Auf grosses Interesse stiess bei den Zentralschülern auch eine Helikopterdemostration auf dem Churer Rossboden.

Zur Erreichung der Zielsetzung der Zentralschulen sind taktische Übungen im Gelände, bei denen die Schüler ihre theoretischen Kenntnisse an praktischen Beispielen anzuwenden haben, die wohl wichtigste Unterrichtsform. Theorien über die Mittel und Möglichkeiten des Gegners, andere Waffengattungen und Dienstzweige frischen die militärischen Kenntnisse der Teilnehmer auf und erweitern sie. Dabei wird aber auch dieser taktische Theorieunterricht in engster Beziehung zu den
━━━━━━━━━━━━━━━━━━━━━━━━━━━━━━
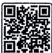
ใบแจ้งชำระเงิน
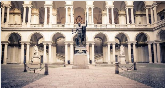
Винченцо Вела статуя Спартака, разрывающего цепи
━━━━━━━━━━━━━━━━━━━━━━━━━━━━━━
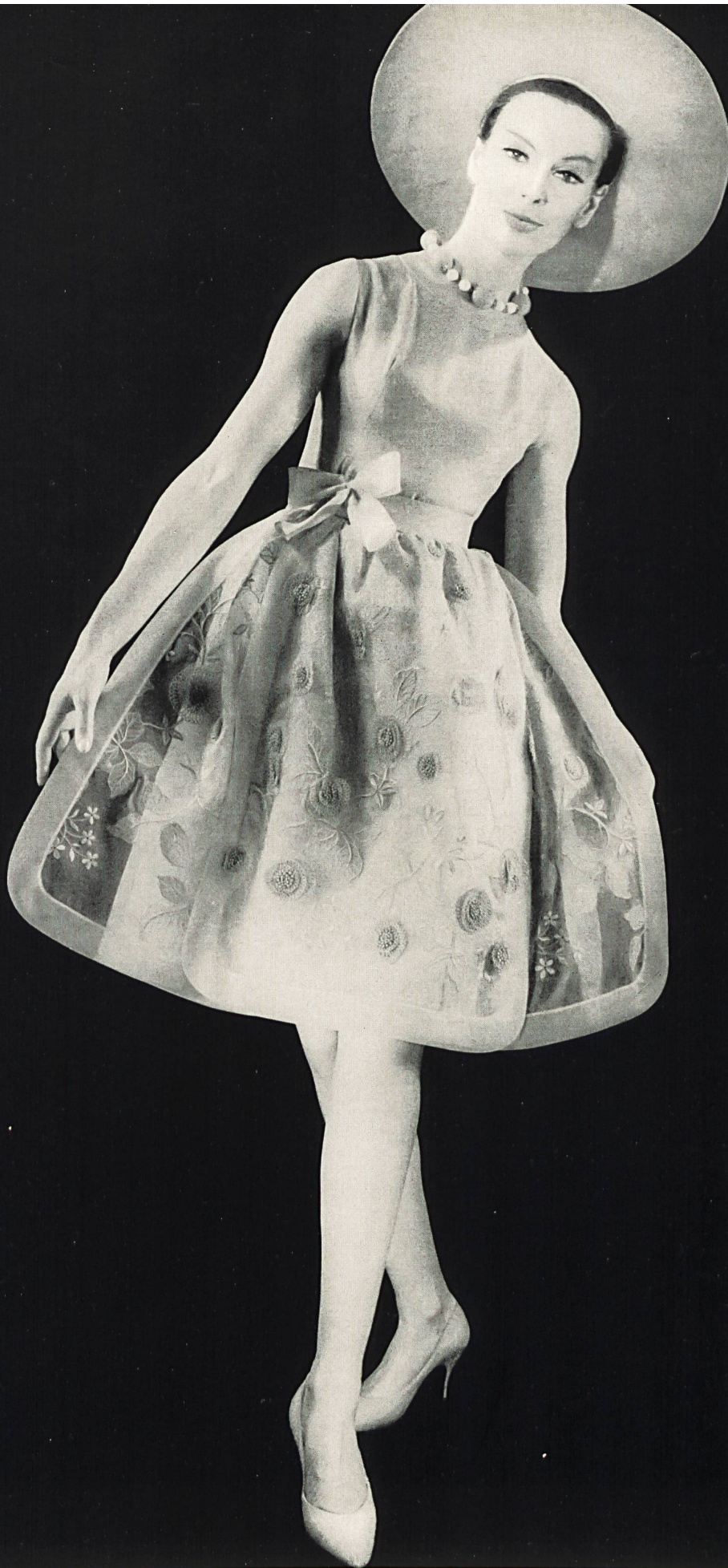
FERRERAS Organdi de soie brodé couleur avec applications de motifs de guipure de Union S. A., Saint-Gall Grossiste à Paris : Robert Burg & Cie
━━━━━━━━━━━━━━━━━━━━━━━━━━━━━━
• **What needs to be done**
Here the output must be the lines above from the line with "Auf grosses Interesse" to the line with "Zur Erreichung der", both included, duplicated word for word and nothing else.

• **Response below**
Auf grosses Interesse stiess bei den Zentralschülern auch eine Helikopterdemostration auf dem Churer Rossboden.

Zur Erreichung der Zielsetzung der Zentralschulen sind taktische Übungen im Gelände, bei denen die Schüler ihre theoretischen Kenntnisse an praktischen Beispielen anzuwenden haben, die wohl wichtigste Unterrichtsform. Theorien über die Mittel und Möglichkeiten des Gegners, andere Waffengattungen und Dienstzweige frischen die militärischen Kenntnisse der Teilnehmer auf und erweitern sie. Dabei wird aber auch dieser taktische Theorieunterricht in engster Beziehung zu den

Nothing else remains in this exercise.